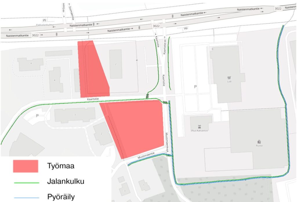 Kaartotien avaamisen myötä kadun yhdistetty jalankulku- ja pyöräväylä palautetaan jalkakäytäväksi ja pyöräily siirtyy takaisin ajoradalle. Mustimäentiellä ja Mustimäenkujalla on yhdistetty jalankulku- ja pyöräväylä.
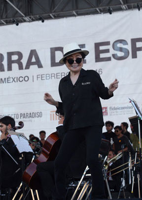 levantarnos juntos y sembrar la semilla para una paz hermosa en el mundo. La artista y activista japonesa inauguró ayer su exposición Tierra de la esperanza en el Museo Memoria y Tolerancia, en la Plaza Juárez, en el Centro Histórico, mientras en el Zócalo acudió al despliegue de 110 árboles de los deseos Foto Jesús Villaseca
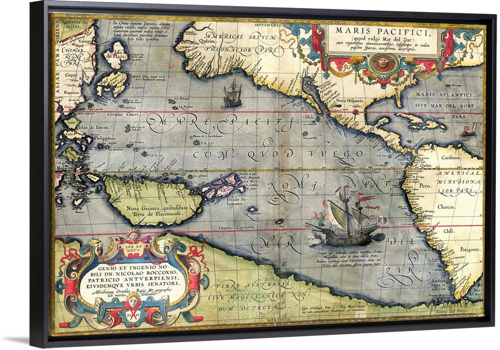 <p>Map of the Pacific Ocean (Maris Pacifici...) by Abraham Ortelius, 1589, printed in Antwerp, first state, private collection.</p>
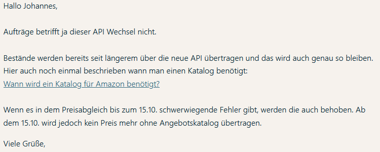 Ich habe heute auf mein Ticket eine Rückmeldung erhalten. Für unseren Use-Case, bei dem Plenty ausschließlich Bestandsaktualisierungen und Auftragsimport macht, wird sich auch nach dem 15.10.25 nichts ändern. D.h. wir müssen keinen Katalog anlegen.
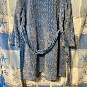 Stay cozy in this mid-length robe with a high collar, pockets, and robe tie.
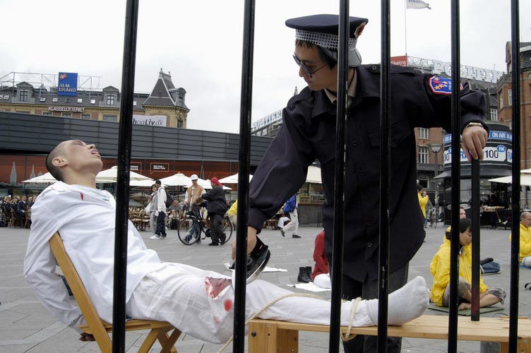 二零零四年六月二十六日是“世界反酷刑日”,丹麦与瑞典的部份法轮功学员在哥本哈根市中心的市政厅广场举办了北欧的第一次“反酷刑展”,把法轮功学员在中国受到的残酷迫害,活生生的展示在世人面前,震惊了过往民众。

------------------------------------

• **Exercise directions**
Start at the first line of the records and write out everything up to and including the line containing "levantarnos juntos y". No pictures.

• **Solved exercise**
 Kaartotien avaamisen myötä kadun yhdistetty jalankulku- ja pyöräväylä palautetaan jalkakäytäväksi ja pyöräily siirtyy takaisin ajoradalle. Mustimäentiellä ja Mustimäenkujalla on yhdistetty jalankulku- ja pyöräväylä.
 levantarnos juntos y sembrar la semilla para una paz hermosa en el mundo. La artista y activista japonesa inauguró ayer su exposición Tierra de la esperanza en el Museo Memoria y Tolerancia, en la Plaza Juárez, en el Centro Histórico, mientras en el Zócalo acudió al despliegue de 110 árboles de los deseos Foto Jesús Villaseca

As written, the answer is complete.